Also is that foam between the wet/dry and the skimmer? A few extra air bubbles will do not harm at all to the skimmer unless you get so many that you have cavitation. Between the skimmer and refugium makes sense. Again have it stick up so you can pull it out in one piece.


----------



## Mcdaphnia

PS Too bad you're on the other side of Lake Erie! I have a 30 I picked up at the last fish club auction for $13 (near the end). Sitting empty in storage. I just couldn't let it go for $12.


----------



## pmac

Thanks a lot Mcdaphnia, I'll take all those suggestions into consideration. So you're saying that the bio-balls are not necessary since I have live rock? (Like I said, I'm new to this lol).
If I replace the balls with a large block of foam, I'm assuming it would have to be quite porous, as to not restrict the flow so much that my sump backs up. (Since it's at the beginning of the cycle).

Also, I like your suggestions of having the foam stick up to make it easier to take out.

Thanks for all the tips!


----------



## Mcdaphnia

The Poret is possibly the best brand for good flow through the sponge. You can get it either from Germany since you are in Canada, or from Columbus Ohio (Swiss Tropicals). You need good flow but there is a safety feature I think you left in your design. If the foam or any part of the tower clogs, the water overflows into the baffles.

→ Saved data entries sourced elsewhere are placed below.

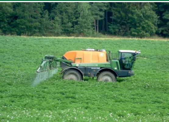
Obr. 1 – Obsluha postřikovače musí být držitelem osvědčení min. I. stupně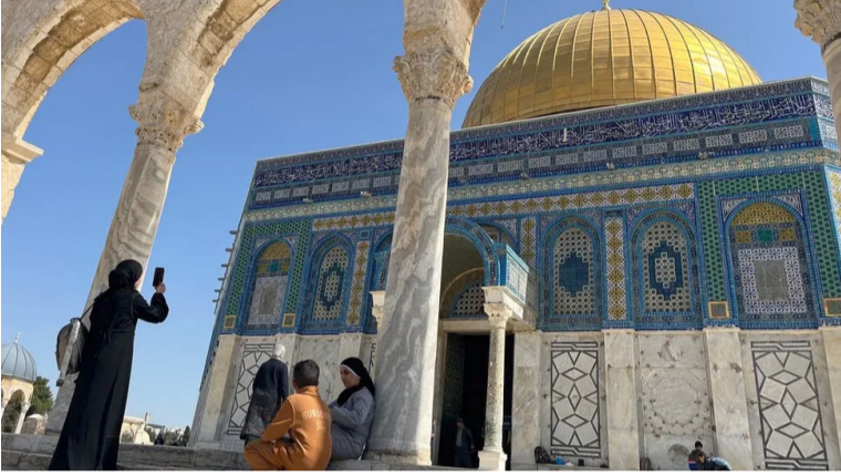
எகிப்தில் முன்னெடுக்கப்படும் ஹமாஸ் - இஸ்ரேல் பேச்சு ஒரு வாரம் ஒத்திவைக்கப்பட்ட

அல் - அக்லா பள்ளிவாசல் இஸ்லாமியர்களின் மூன்றாவது புனித ஆலயமாகும். ஆனால், இது யூத மதத்தினருக்கும் புனிதமான இடமாகும். இஸ்ரேல் - பலஸ்தீன் மோதல் ஏற்படும் காலத்தில் இந்தத் தலமும் முக்கியமான காரணியாக உள்ளது.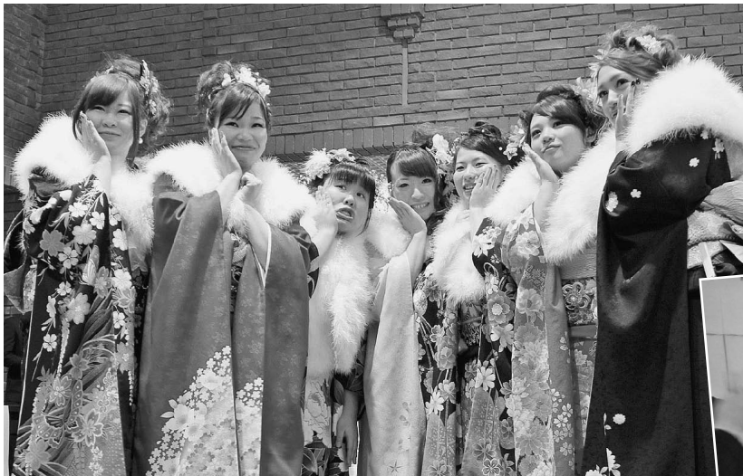
華やかな振り袖に身を包んだ新成人

As to having the foam stick out, I can't be proud of that one.  It's something you learn indelibly in the middle of the night when the foam is clogged and after pulling out little pinches of it, you run around to all the closets trying to find an old-fashioned wire coat hanger. opcorn:


----------



## KaiserSousay

Just wonder why filter socks were not mentioned.
With a ratcheting clamp they are super easy to change while the system is running.
Washable, reuseable.
Pretty decent selection of micron sizes to choose from as well.


----------



## Mcdaphnia

KaiserSousay said:


> Just wonder why filter socks were not mentioned.
> With a ratcheting clamp they are super easy to change while the system is running.
> Washable, reuseable.
> Pretty decent selection of micron sizes to choose from as well.

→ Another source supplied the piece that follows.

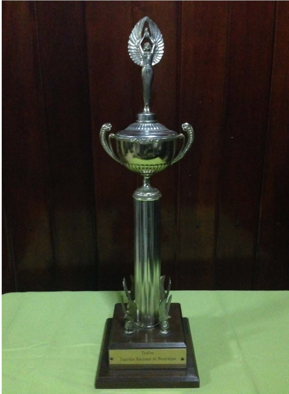
Trofeo campeón nacional de Nicaragua, 1968.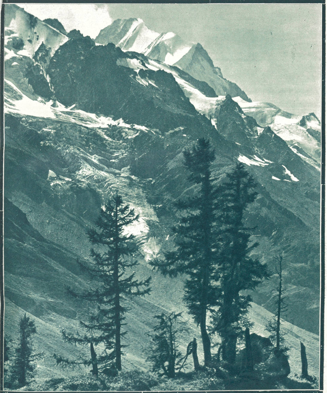
Auf Fafleralp mit Blick auf Bietschhorn im Lötschental (Oberwallis).

 I thought about them, but it would be a design change from the baffles. You would have to switch to acrylic in order to make the right shape opening for the filter ring.

http://www.marinedepot.com/JBJ_200_Micr ... FS-vi.html

Besides, with the foam you just pull out the old and push a new one in.


----------



## crawgator

:dancing:


----------



## pmac

Hi guys, here's a picture of my completed sump. I ended up changing the design slightly since I ended up going with a different style skimmer than the one I originally planned. Seem's to be working pretty well so far though, although I would like to get a little more mechanical filtration in there, but the foam I got seems to hold the water back too much, so I guess I'll have to either change something, or look for some less dense foam. Also, I didn't end up going with the wet/dry section, the overflow just goes straight into a section where I've put some blocks of foam.










Feel free to comment with any suggestions you might have that might improve my design. (if you can see clear enough from the picture)

Thanks,

Patrick


----------



## ksk_che_che

Bioballs are very good for fish only tanks, but if you plan on having a reef tank then I would ditch them. As far as mechanical filtration your skimmer will remove most of that for you. What model did you end up going with?


----------